* [ASSIGNED TASK]:
Word for word, transcribe the data below from the line with "宽松休闲运动裤 薄款 大码 显瘦百搭中年显瘦工装 冰丝七分裤 裤 女夏季" to the line with "Original Nomination Composable", keeping both of those lines.

* [TASK INPUTS]:
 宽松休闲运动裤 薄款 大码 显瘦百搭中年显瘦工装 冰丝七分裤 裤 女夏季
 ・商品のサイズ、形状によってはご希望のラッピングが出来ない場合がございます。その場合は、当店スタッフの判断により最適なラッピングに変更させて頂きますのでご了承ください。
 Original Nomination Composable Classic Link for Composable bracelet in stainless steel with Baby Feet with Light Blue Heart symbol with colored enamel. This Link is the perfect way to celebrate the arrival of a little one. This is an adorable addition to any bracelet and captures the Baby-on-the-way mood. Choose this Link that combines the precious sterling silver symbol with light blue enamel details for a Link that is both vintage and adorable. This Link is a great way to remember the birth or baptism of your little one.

==

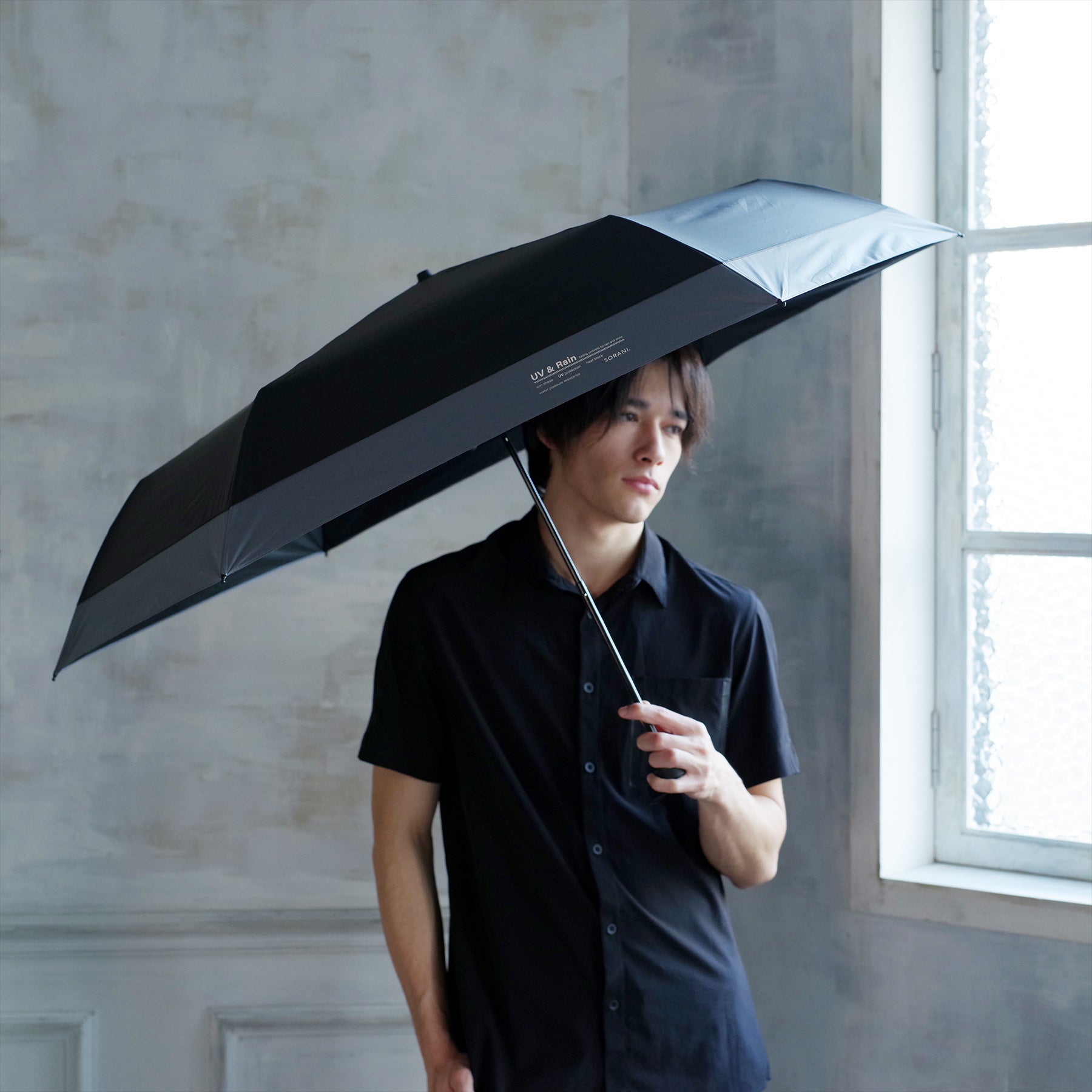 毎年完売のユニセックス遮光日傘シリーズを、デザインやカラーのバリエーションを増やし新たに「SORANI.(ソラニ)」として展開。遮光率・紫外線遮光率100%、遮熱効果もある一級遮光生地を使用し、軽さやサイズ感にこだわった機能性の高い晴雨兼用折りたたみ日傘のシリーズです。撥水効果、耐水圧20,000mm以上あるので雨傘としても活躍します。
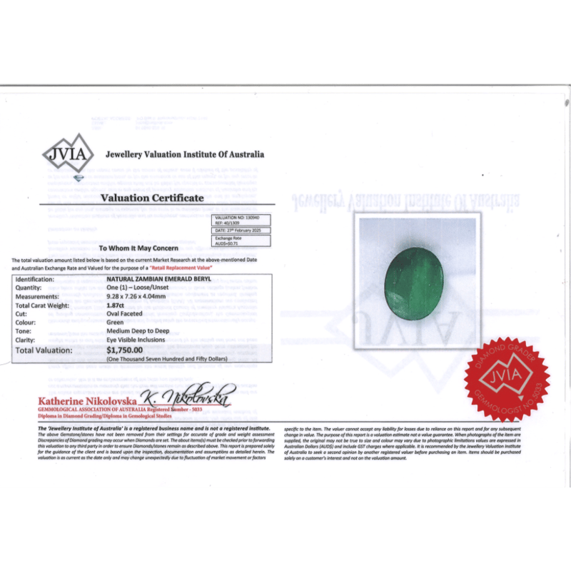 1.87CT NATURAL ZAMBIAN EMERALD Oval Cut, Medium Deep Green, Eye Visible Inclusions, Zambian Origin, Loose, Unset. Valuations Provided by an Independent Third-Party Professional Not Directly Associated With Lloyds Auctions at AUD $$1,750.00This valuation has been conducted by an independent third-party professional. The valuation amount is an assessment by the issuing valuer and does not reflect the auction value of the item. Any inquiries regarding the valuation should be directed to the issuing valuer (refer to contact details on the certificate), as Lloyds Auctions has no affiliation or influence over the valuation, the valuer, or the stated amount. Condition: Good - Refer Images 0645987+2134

* [REPLY TO THE EXERCISE]:
 宽松休闲运动裤 薄款 大码 显瘦百搭中年显瘦工装 冰丝七分裤 裤 女夏季
 ・商品のサイズ、形状によってはご希望のラッピングが出来ない場合がございます。その場合は、当店スタッフの判断により最適なラッピングに変更させて頂きますのでご了承ください。
 Original Nomination Composable Classic Link for Composable bracelet in stainless steel with Baby Feet with Light Blue Heart symbol with colored enamel. This Link is the perfect way to celebrate the arrival of a little one. This is an adorable addition to any bracelet and captures the Baby-on-the-way mood. Choose this Link that combines the precious sterling silver symbol with light blue enamel details for a Link that is both vintage and adorable. This Link is a great way to remember the birth or baptism of your little one.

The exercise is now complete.